— TASK GOAL —
An exact copy of the lines from the top of the data through the line with "প্রকারে বিভক্ত। যেমনঃ" is what you should give, with no pictures in it.

— Stored entries —
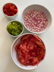 A continuación, preparamos el acompañamiento que servirá ademas de adorno. Es importante que realicemos todos los cortes del mismo tamaño y en ellos incluimos el tomate sin semillas, pimiento rojo y verde y cebolla morada. Esta última podemos ponerla en un poco de agua para que pierda un poco de fuerza, escurriéndola en el momento de emplatar.
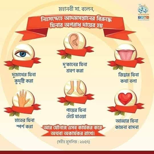 ●● হাদীসের ভাষায় যিনা বহু প্রকারে বিভক্ত। যেমনঃ
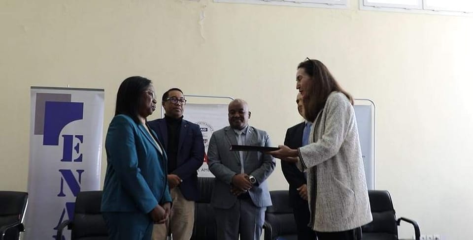 ⭕« A travers ce partenariat l’Usaid et le Pnud à travers le Programme Rindra visent à améliorer l’efficacité de l’administration publique et leurs services vis-à-vis des citoyens. Cette initiative contribuera à créer un environnement propice à une gouvernance responsable et transparente. », indique un communiqué de l’Enam. Outre le don d’équipements, le partenariat consiste également à apporter une révision sur les modules de formation proposés par l’Enam. Il s’agit des programmes de renforcement de capacité, à destination des agents des communes, développés et menés par l’Enam. « Ces programmes porteront sur les thématiques de leadership et développement local, des rôles des représentants de l’État dans la promotion de la croissance économique, la décentralisation et la promotion de la politique de la décentralisation, ainsi que la gestion d’investissement publique. Ils bénéficieront aux cinq régions, dans les zones d’interventions du programme Rindra», à en croire un communiqué de l’Enam.
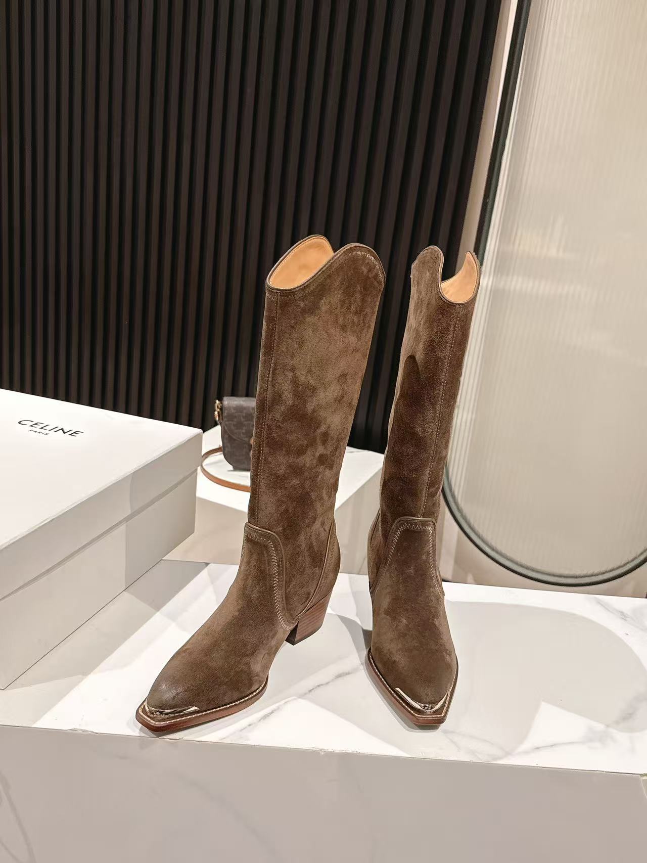 CELINE 25 Mid Calf Cowboy Boots Dark Brown Suede
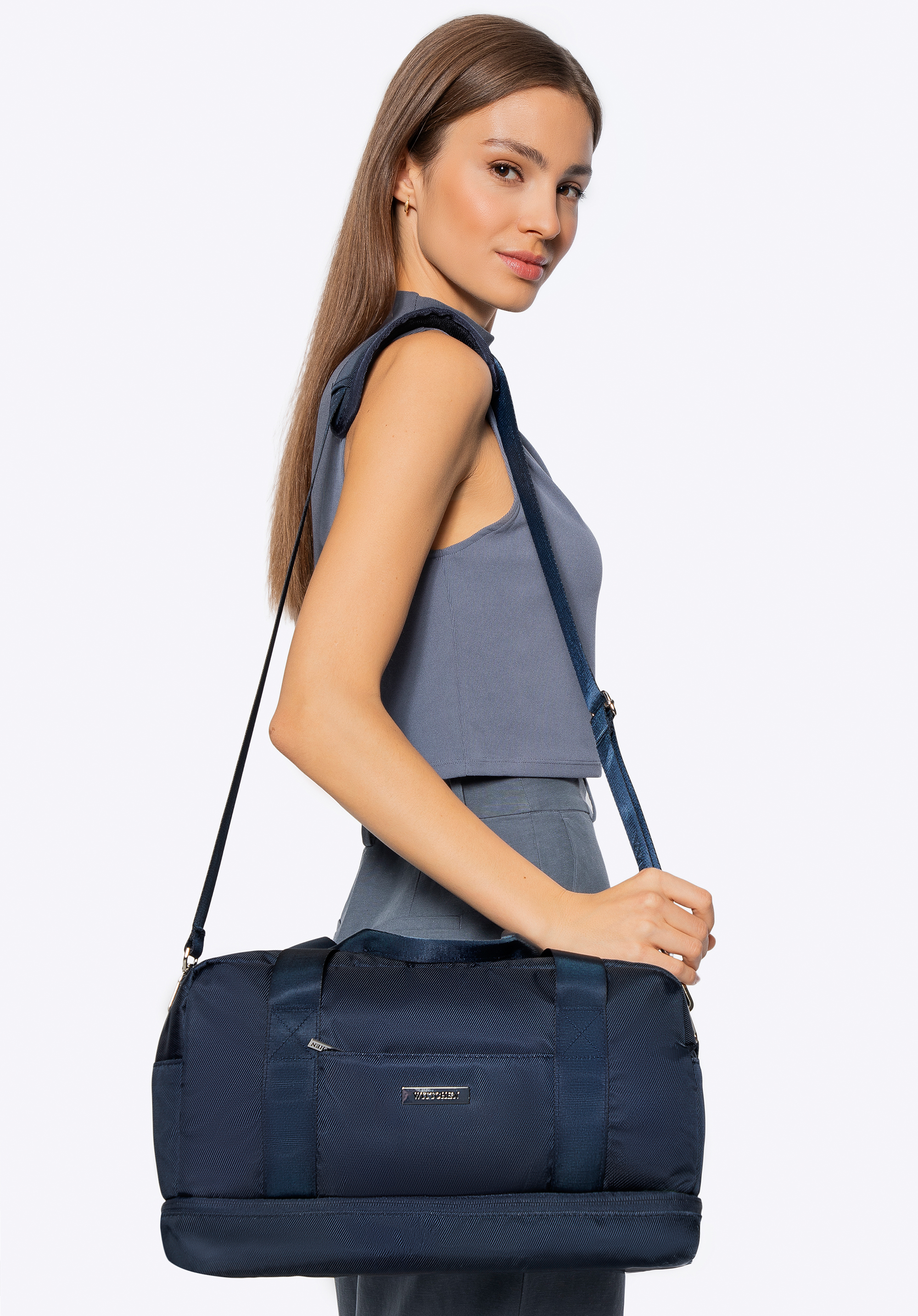 A táska méretei miatt ingyenes kézipoggyászként felvihető a Wizz Air és a Ryanair járataira. Könnyű, praktikus táska, amely új, kedvenc utazótársad lesz. Ideális rövid utazásra ingyenes kézipoggyászként, de az uszodába vagy a fitneszterembe is tökéletes megoldás. Kicsi, így nem fog túlterhelni, a legkisebb csomagtartóba is könnyedén behelyezhető. Ennek ellenére mindent tartalmaz majd, ami egy hétvégi kiránduláshoz vagy edzéshez kell. Két fő rekesz és egy külön rekesz a táska alján segít a rend fenntartásában, valamint számos kis zsebe pedig tökéletes az apróbb tárgyak számára. A bordázott, enyhén fényes felülete foltálló, és gyorsan megszárad, ha vízzel érintkezik.

— OUTPUT FOR THIS TASK —
 A continuación, preparamos el acompañamiento que servirá ademas de adorno. Es importante que realicemos todos los cortes del mismo tamaño y en ellos incluimos el tomate sin semillas, pimiento rojo y verde y cebolla morada. Esta última podemos ponerla en un poco de agua para que pierda un poco de fuerza, escurriéndola en el momento de emplatar.
 ●● হাদীসের ভাষায় যিনা বহু প্রকারে বিভক্ত। যেমনঃ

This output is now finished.